* [Exercise]: A word-for-word copy of the data, pictures excluded, is what this task asks for.

* [Supplied data]:

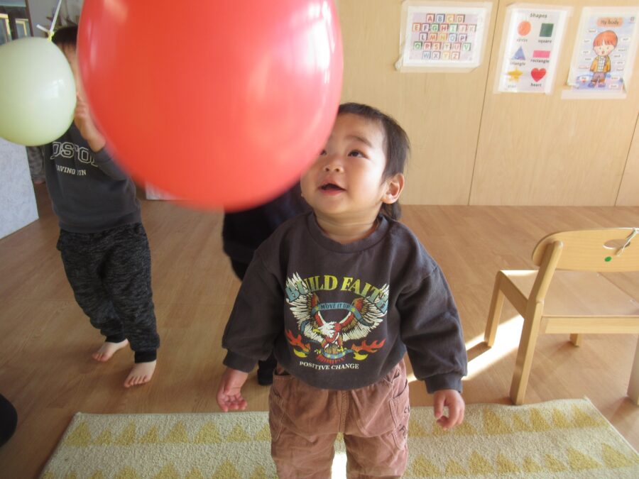 風船を引っ張って、動く風船に楽しそうにする姿が見られました🎈
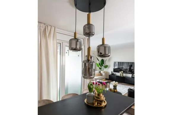 Je sluit hanglamp Joanet eenvoudig aan op een externe dimmer, zodat je de lichtsterkte kunt afstemmen op elk moment van de dag. De lamp combineert elegantie en functionaliteit en past perfect in moderne en luxe interieurs.
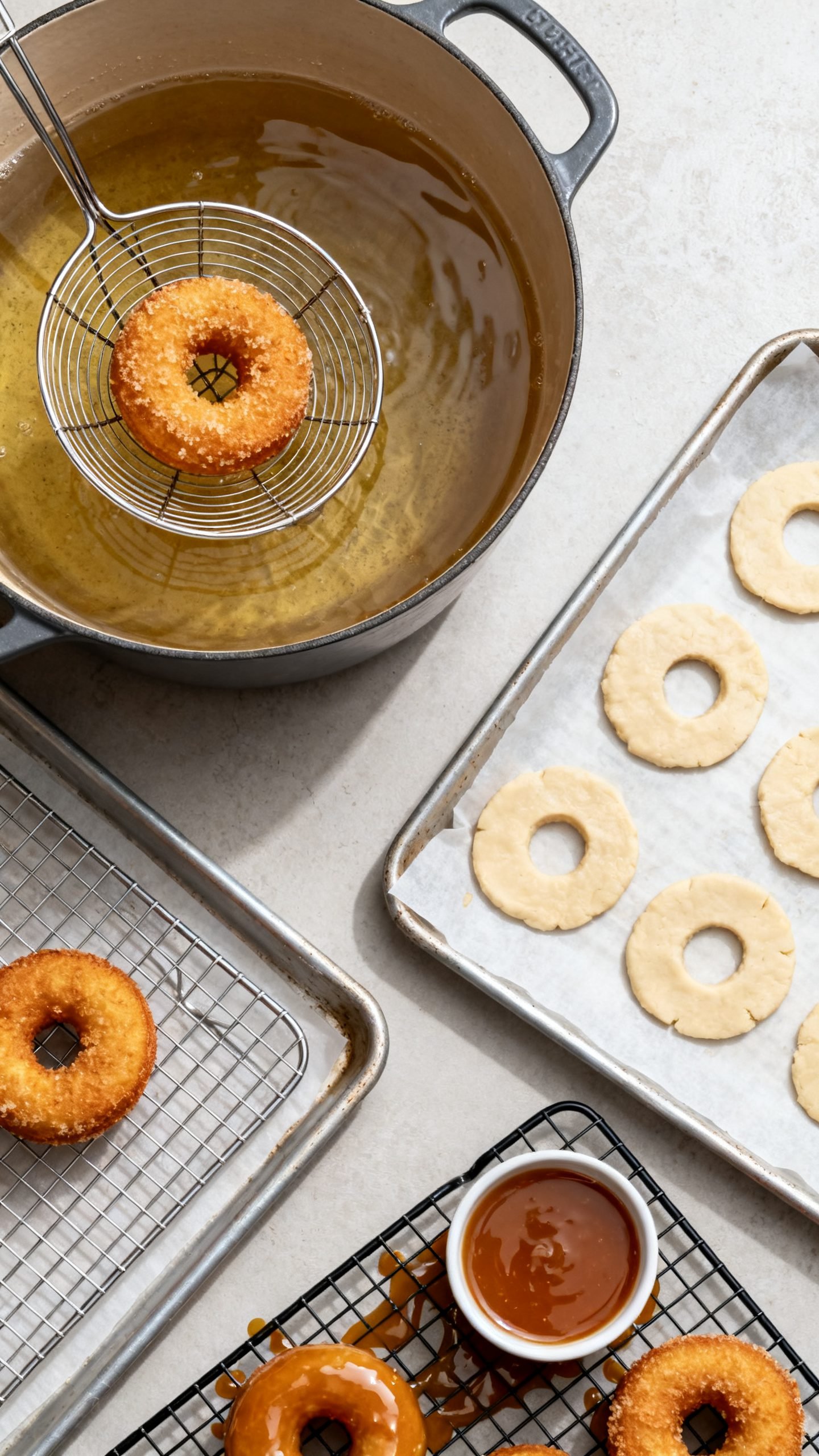 - Fry 2–3 donuts at a time for 1–2 minutes per side until deep golden with a crackly ring, adjusting heat to maintain temperature.
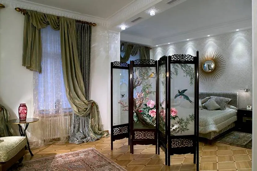 При создании интерьера желательно помнить, что необходимо наличие перегородок или ширм, разделяющих помещение на определённые зоны. Также они придают комнате гармоничный облик и просто украшают его. К тому же, складные перегородки легко транспортировать по комнате, каждый раз устанавливая её в новом месте. Это помогает обновить наскучивший дизайн и внести в него изюминку.

* [Problem solution]:
 風船を引っ張って、動く風船に楽しそうにする姿が見られました🎈
 Je sluit hanglamp Joanet eenvoudig aan op een externe dimmer, zodat je de lichtsterkte kunt afstemmen op elk moment van de dag. De lamp combineert elegantie en functionaliteit en past perfect in moderne en luxe interieurs.
 - Fry 2–3 donuts at a time for 1–2 minutes per side until deep golden with a crackly ring, adjusting heat to maintain temperature.
 При создании интерьера желательно помнить, что необходимо наличие перегородок или ширм, разделяющих помещение на определённые зоны. Также они придают комнате гармоничный облик и просто украшают его. К тому же, складные перегородки легко транспортировать по комнате, каждый раз устанавливая её в новом месте. Это помогает обновить наскучивший дизайн и внести в него изюминку.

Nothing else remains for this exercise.